*** Opening of Material shown ***

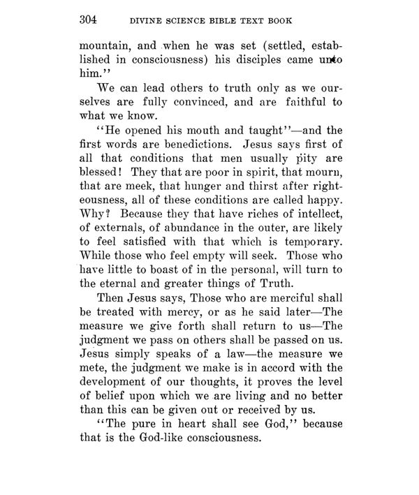 Then Jesus says, Those who are merciful shall be treated with mercy, or as he said later --- The measure we give forth shall return to us --- The judgment we pass on others shall be passed on us. Jesus simply speaks of a law --- the measure we mete, the judgment we make is in accord with the development of our thoughts, it proves the level of belief upon which we are living and no better than this can be given out or received by us.
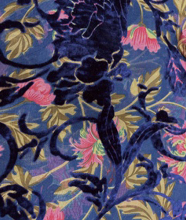 This isn’t just velvet, it’s artistry woven into every inch. Our Burnout Velvet transforms a deep black base into a living canvas, where soft floral patterns bloom in shades of blue, peach, and lavender. Each petal catches the light with a subtle golden sheen, giving the fabric a hand-painted, almost ethereal charm.
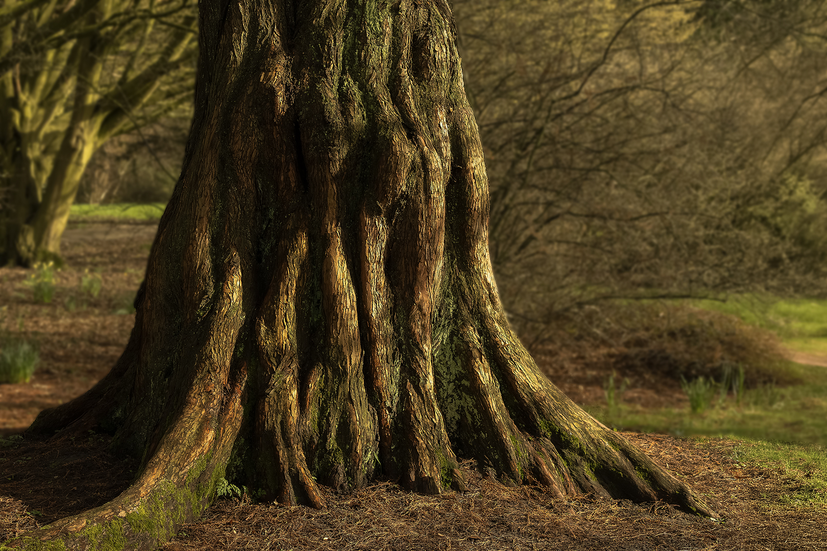 Deze oude knar had mijn aandacht meteen te pakken met zijn robuuste stam waar langs mooie plooien door de jaren heen ontstaan waren. Ik heb de achtergrond met plaatselijke vervaging in PS wat zachter gemaakt zodat alle aandacht naar de mooie stam gaat.
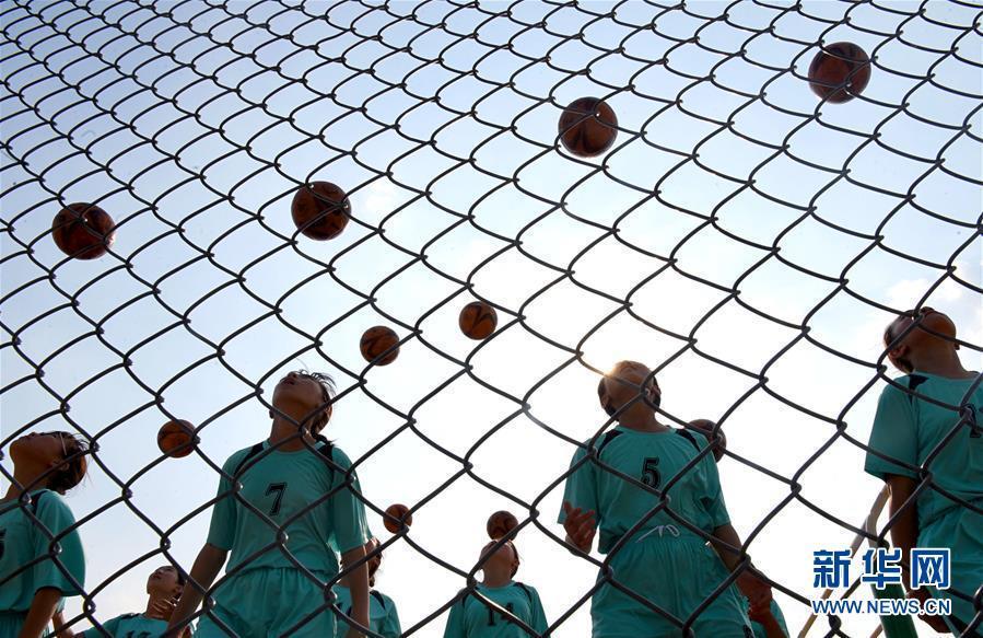 6月11日,孩子们在学校球场进行训练。
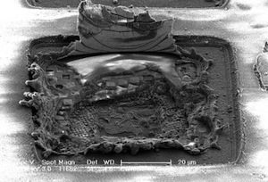 Zerstört: Transistor unter dem Elektronenmikroskop. Bild: caltech.edu
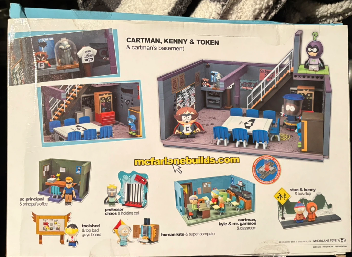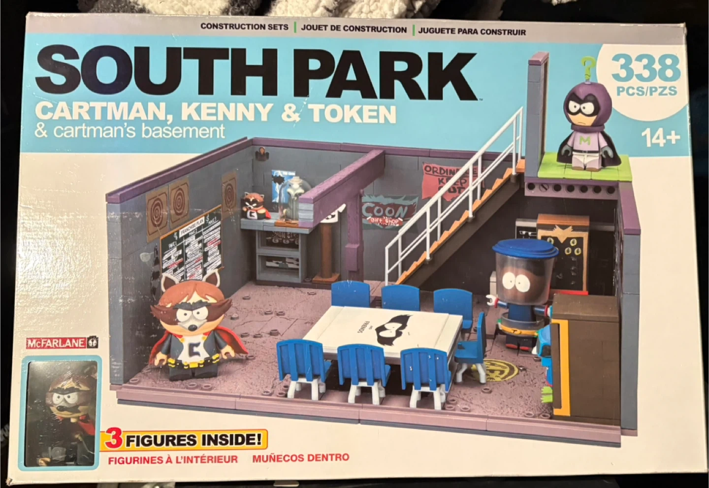 This McFarlane construction set features Cartman, Kenny & Token with Cartman's basement. It includes 3 figures and is recommended for ages 14+. The set has 338 pieces.

*** Close of Material shown ***

■ Task item
Each record above is to be written out exactly; the pictures are not.

■ Exercise response
 Then Jesus says, Those who are merciful shall be treated with mercy, or as he said later --- The measure we give forth shall return to us --- The judgment we pass on others shall be passed on us. Jesus simply speaks of a law --- the measure we mete, the judgment we make is in accord with the development of our thoughts, it proves the level of belief upon which we are living and no better than this can be given out or received by us.
 This isn’t just velvet, it’s artistry woven into every inch. Our Burnout Velvet transforms a deep black base into a living canvas, where soft floral patterns bloom in shades of blue, peach, and lavender. Each petal catches the light with a subtle golden sheen, giving the fabric a hand-painted, almost ethereal charm.
 Deze oude knar had mijn aandacht meteen te pakken met zijn robuuste stam waar langs mooie plooien door de jaren heen ontstaan waren. Ik heb de achtergrond met plaatselijke vervaging in PS wat zachter gemaakt zodat alle aandacht naar de mooie stam gaat.
 6月11日,孩子们在学校球场进行训练。
 Zerstört: Transistor unter dem Elektronenmikroskop. Bild: caltech.edu
 This McFarlane construction set features Cartman, Kenny & Token with Cartman's basement. It includes 3 figures and is recommended for ages 14+. The set has 338 pieces.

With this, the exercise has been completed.